This question was sent to me by a Creative Income reader: “Is it copyright infringement if I use a product [brand name/product name] in my business name. For example, “Rubber Duckie Bath Time?” Also, I would like to put a rubber duckie in each product shipped.”
The legal side of any business is serious. Don’t go in without doing a little reading or research.
The above questions are really legal questions best answered by a lawyer, but you could probably ask 5 different lawyers and get 5 different answers. I don’t think rubber duckie or rubber ducky has a copyright, trademark, patent, or servicemark* (the basic legal foundations within business). As long as you are using original artwork, you’ll be fine.* Dropping in a free gift to your customers is a great way to build reputation and customer service. Your questions do lead to some additional questions that I hope the following article will help you understand.
There are many legal terms thrown around in our creative business: copyright, trademark, patent, servicemark. We see all kinds of symbols like @, TM, (SM), and more. We need to know these terms not only for our own business protection, but also so we don’t step on any other businesses’ toes. What is wonderful is that so much can be learned by searching the web! However, when you’ve done your research and even though you may feel you have a good understanding of your legal needs, it is still always wise to consult with an attorney.
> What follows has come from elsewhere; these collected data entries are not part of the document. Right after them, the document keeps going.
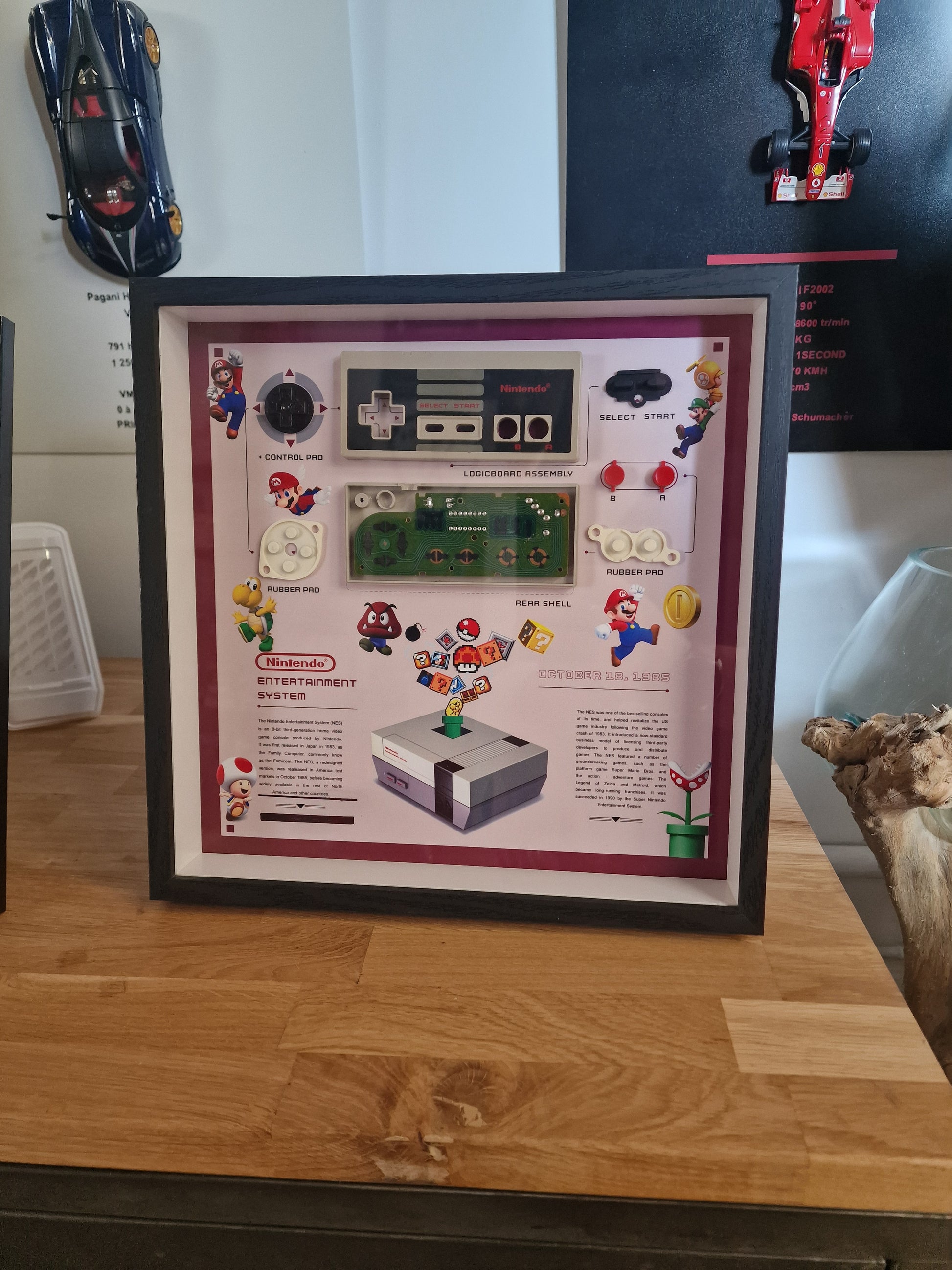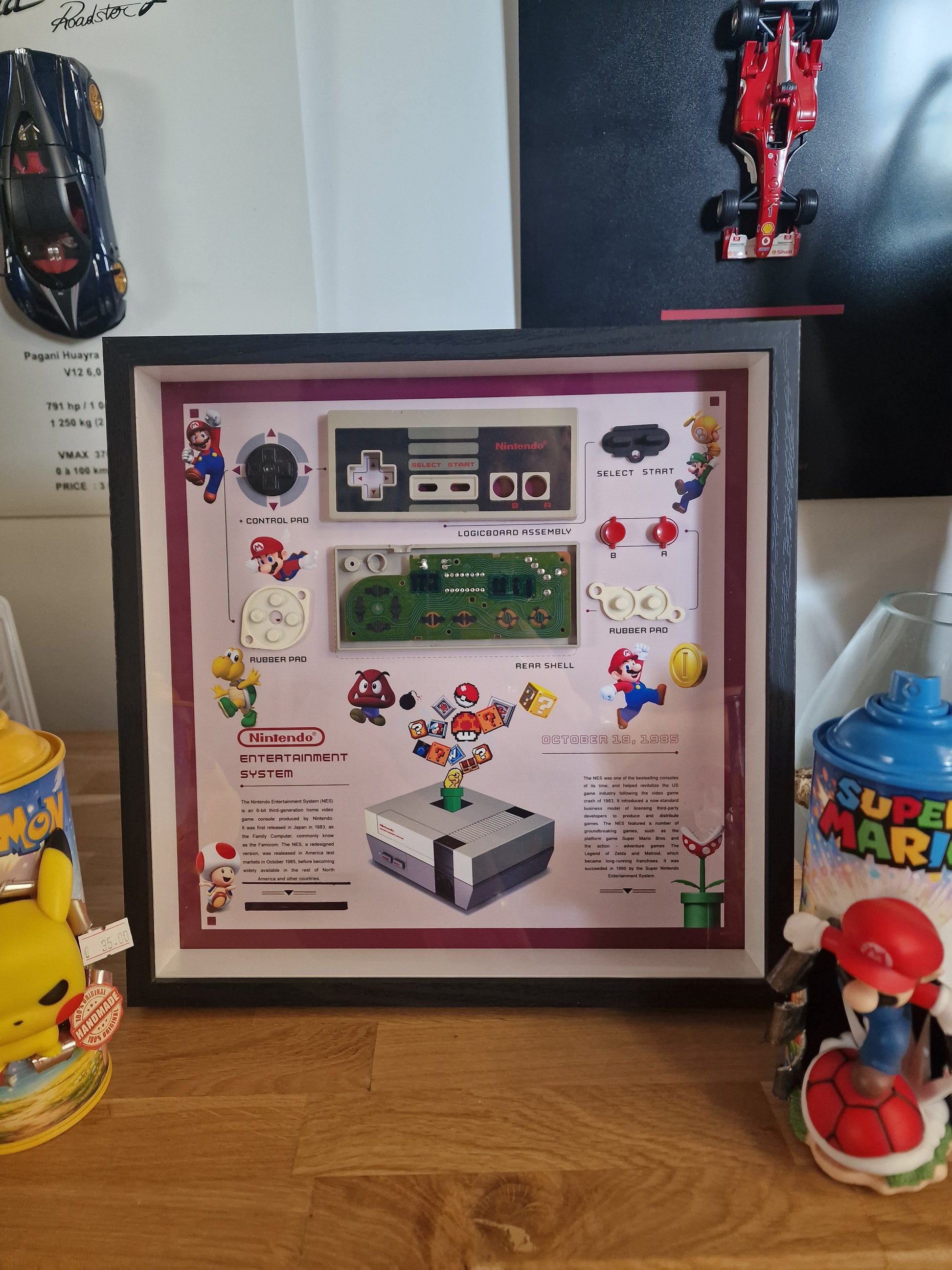 Cette création artisanale est idéale pour sublimer un espace gaming, un bureau ou un salon, et fera un cadeau original pour tout passionné de jeux vidéo rétro et de culture Nintendo.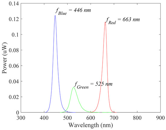 | Peak wavelength (nm) | 660.8 ± 1.0 | 528.6 ± 24.5 | 448.0 ± 0.4 |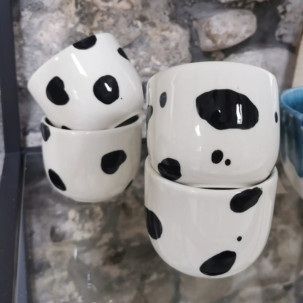 These bovine inspired ceramic cups are decorated with black batches of glaze against a white coloured base.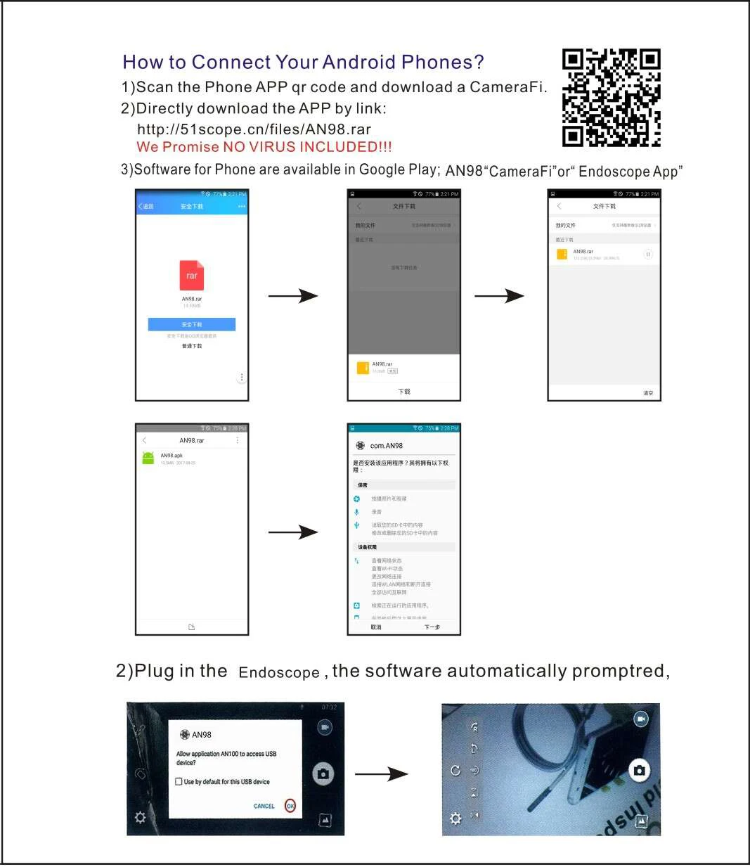 1. На телефонах Android: отсканируйте QR-код в руководстве, чтобы установить приложение, или перейдите по ссылке для загрузки, чтобы установить приложение, затем на мобильном рабочем столе появится значок, нажмите на значок, продукт доступен для использования. Этот эндоскоп android очень прост в эксплуатации, просто загрузите приложение и вставьте эндоскоп в свое устройство, приложение автоматически распознает его (Пожалуйста, убедитесь, что в вашем телефоне есть OTG, функция UVC и поддержка внешней камеры). 2. На компьютере: установите программное обеспечение в компьютер fistly (загрузите его из Интернета), затем откройте программное обеспечение, Вставьте камеру в компьютер, драйвер будет установлен в компьютер автоматически. После этого данную камеру можно использовать на компьютере с программным обеспечением.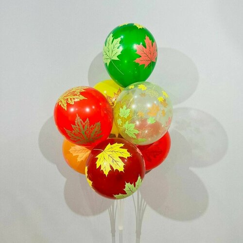 Разноцветны шары с осенними листьями 7шт
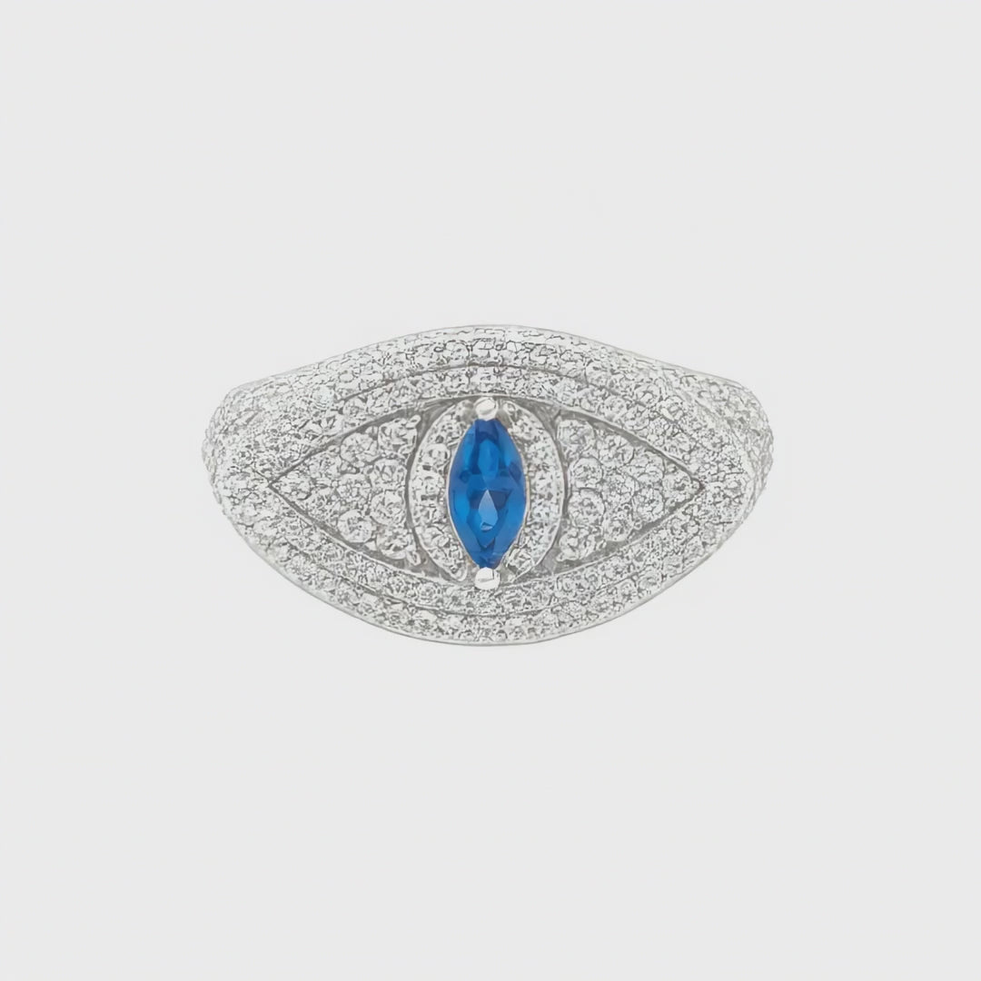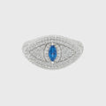 Turn heads and ward off bad vibes with this stunning Evil Eye Statement Ring, crafted in solid 925 sterling silver and set with 2.31CT of lab-created moissanite. The bold pavé design features a brilliant marquise-cut blue stone at the center, symbolizing protection, focus, and fierce style.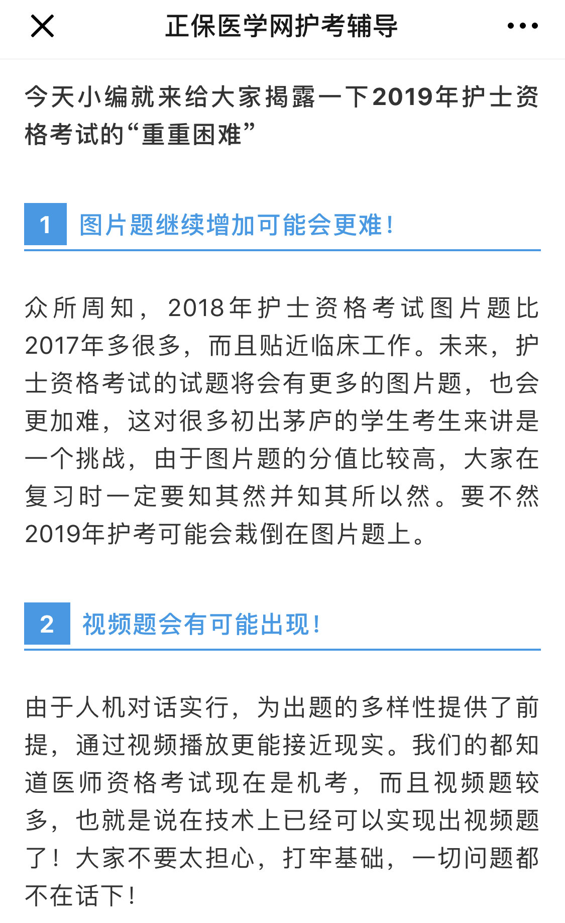關(guān)于視頻試題的增加,小編在之前的2019年護(hù)士資格考試趨勢(shì)中也分析過(guò),不知道各位考生有沒(méi)有做好復(fù)習(xí)準(zhǔn)備呢?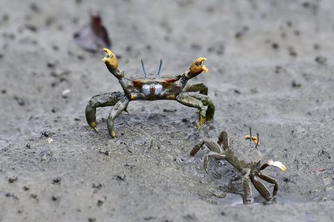 The bowed fiddler crab lives longer than most crabs and typically mates in the summer, Lin said, adding that another kind of crab often seen in the wetlands — the Macrophthalmus banzai — frequently escapes notice by camouflaging itself with mud.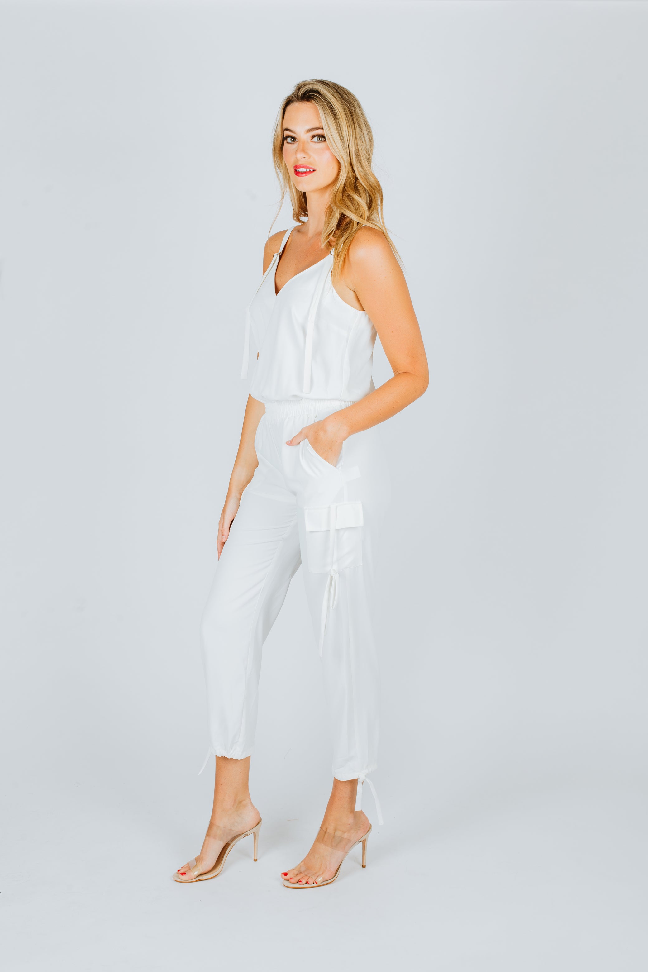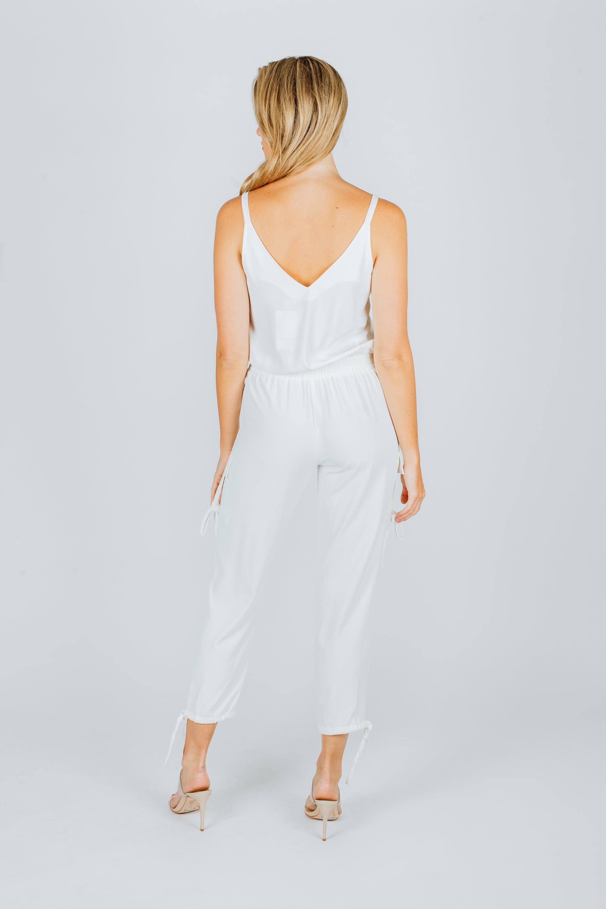 The Josietta Jumpsuit in offers adjustable straps, v-neckline, and tie detail at the pant hem. Accessorize the look with heels and a statement necklace for an effortless look to wear at brunch, on a date, or at a concert.
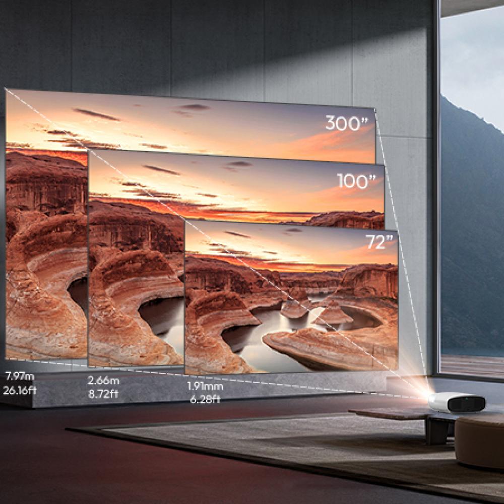 - شاشة عرض تصل حتى 300 بوصة بألوان مشبعة وتفاصيل دقيقة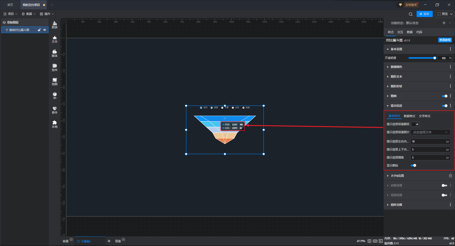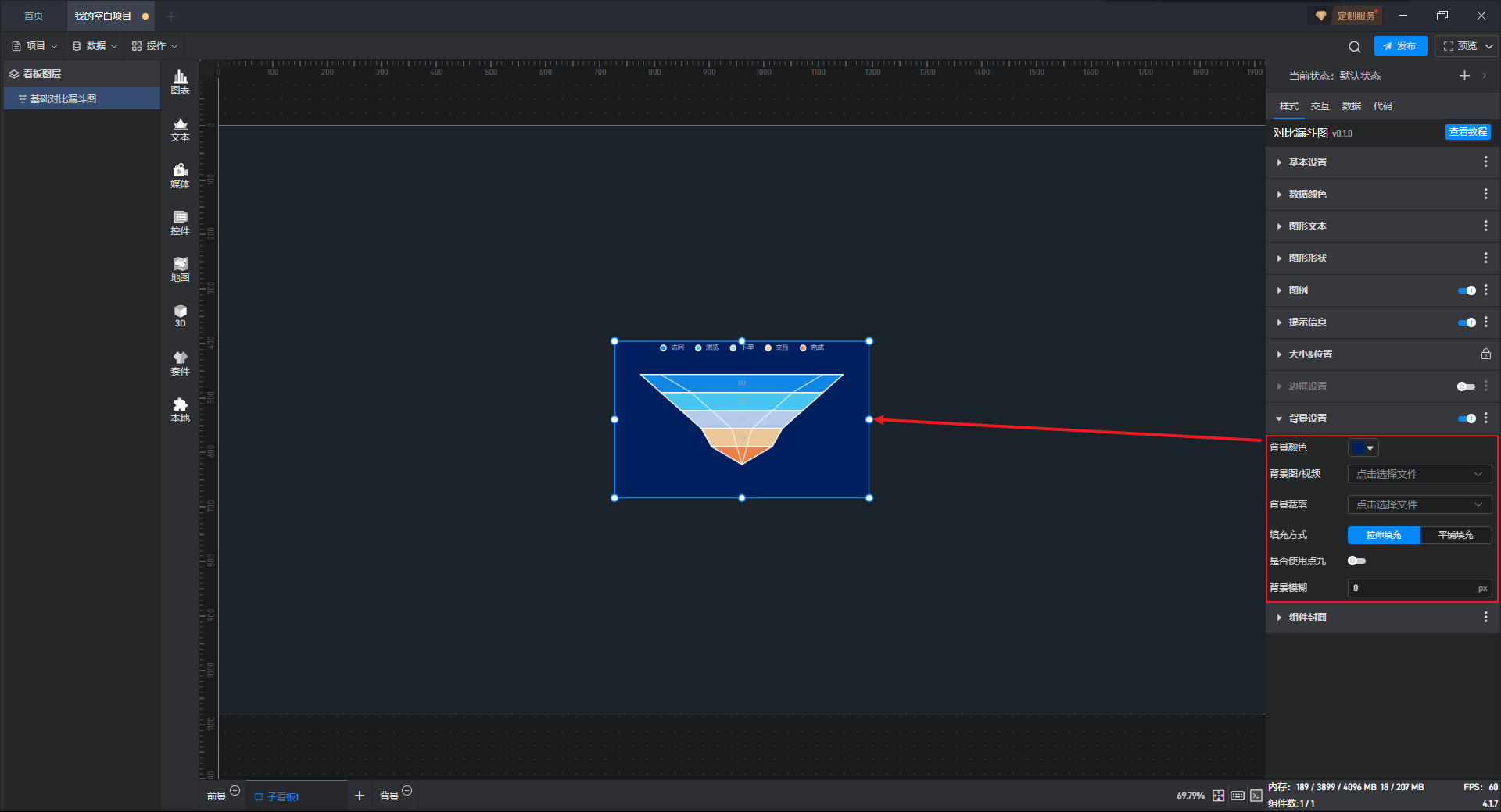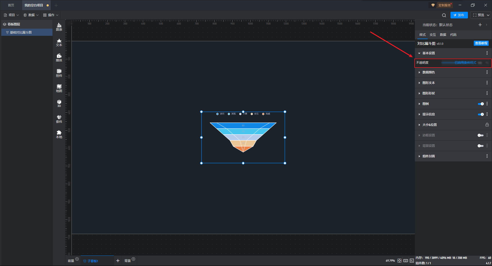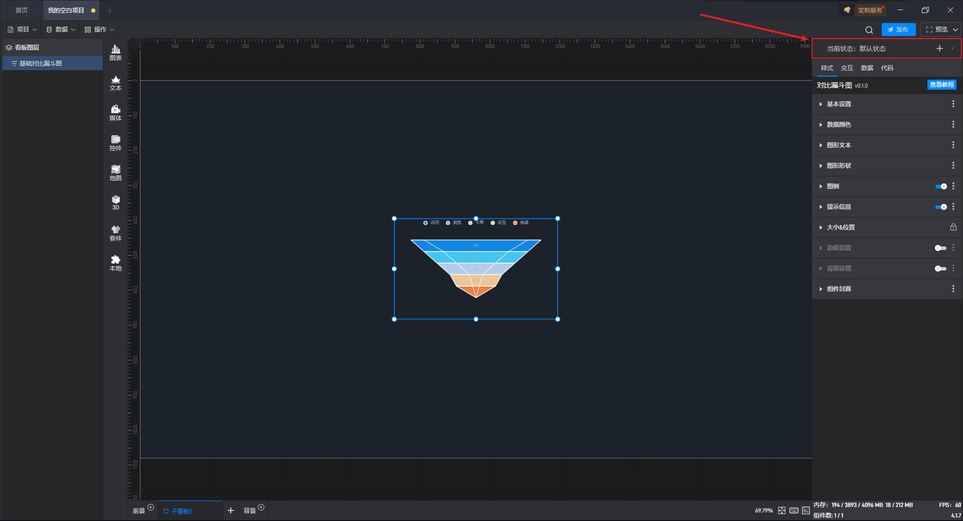下面我们以基础对比漏斗图为例,为大家介绍一下组件的使用步骤: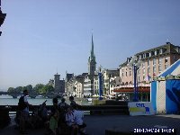 8月24日 今日で楽しかったスイス旅行もお終いです。また雲一つないいいお天気で、朝から空の色が本当にきれいでした。去年もおいしい〜と思ったこのホテルのクロワッサンなどをいただきながら、外を眺めました。通勤中のサラリーマンさんたちが、新聞を片手に市電に乗っていきました。 食事が終わってお散歩に出かけました。 |

Copyright is given for original works of authorship including literary, dramatic, musical, artistic, and certain other intellectual works (this is where varied legal opinions can branch from!). If a work is copyrighted (documented and given by US Copyright Office), it cannot be reproduced, copied, used as a derivative work, publicly displayed, publicly performed, or otherwise profited from.
You are not protected by putting your details in an envelope and mailing it to yourself for an official date. You may get lucky and find a judge who will consider this “poor man’s copyright,” but in a court of law, the only real document of value is one given by U.S. Copyright Office. You must apply and be issued the copyright.
For more information on copyrights, visit http://www.copyright.gov
A patent is given for an invention with a term of 20 years from date on which the application for the patent was filed (this is for new patents). It gives the owner the right to exclude others from making, using, offering for sale, selling, or importing the invention. Once the patent is issued, the patentee must enforce the patent without aid of the United States Patent and Trademark Office. There is plenty of fine print in the details of getting a patent, so if you think you have an invention that needs the protection of a patent, learn more at the link listed below.
According to the USPTO, the following describes what can be patented: In the language of the statute, any person who “invents or discovers any new and useful process, machine, manufacture, or composition of matter, or any new and useful improvement thereof, may obtain a patent,” subject to the conditions and requirements of the law. The word “process” is defined by law as a process, act or method, and primarily includes industrial or technical processes. The term “machine” used in the statute needs no explanation. The term “manufacture” refers to articles that are made, and includes all manufactured articles. The term “composition of matter” relates to chemical compositions and may include mixtures of ingredients as well as new chemical compounds. These classes of subject matter taken together include practically everything that is made by man and the processes for making the products.
For more information about patents, visit http://www.uspto.gov
Trademark and Servicemark
A trademark is a word, name, symbol, or device that is used in trade with goods to indicate the source of the goods and to distinguish them from the goods of others. A servicemark is the same as a trademark except that it identifies and distinguishes the source of a service rather than a product. The terms “trademark” and “mark” are commonly used to refer to both trademarks and servicemarks.
Trademark rights may be used to prevent others from using a confusingly similar mark, but not to prevent others from making the same goods or from selling the same goods or services under a clearly different mark. Trademarks which are used in interstate or foreign commerce may be registered with the USPTO. The registration procedure for trademarks and general information concerning trademarks is described on a separate page.
The bottom line is you must protect your trademark or servicemark or you’ll lose it! We should be aware of how we use trademarks. For example Styrofoam is a trademark of The Dow Chemical Company. There is a very famous story about how Bayer lost its trademark for “Aspirin” that is very insightful. Click here to read the history.
A trademark/servicemark search should be done before naming your company or products. You can consult an attorney for this or take advantage of free trademark searches on the web. Ultimately, a lawyer should be consulted to avoid unforeseen problems in the future.
*Important Disclaimer: I am not a lawyer and all legal decisions should be made with full understanding of the legal terms that can be best explained by an attorney.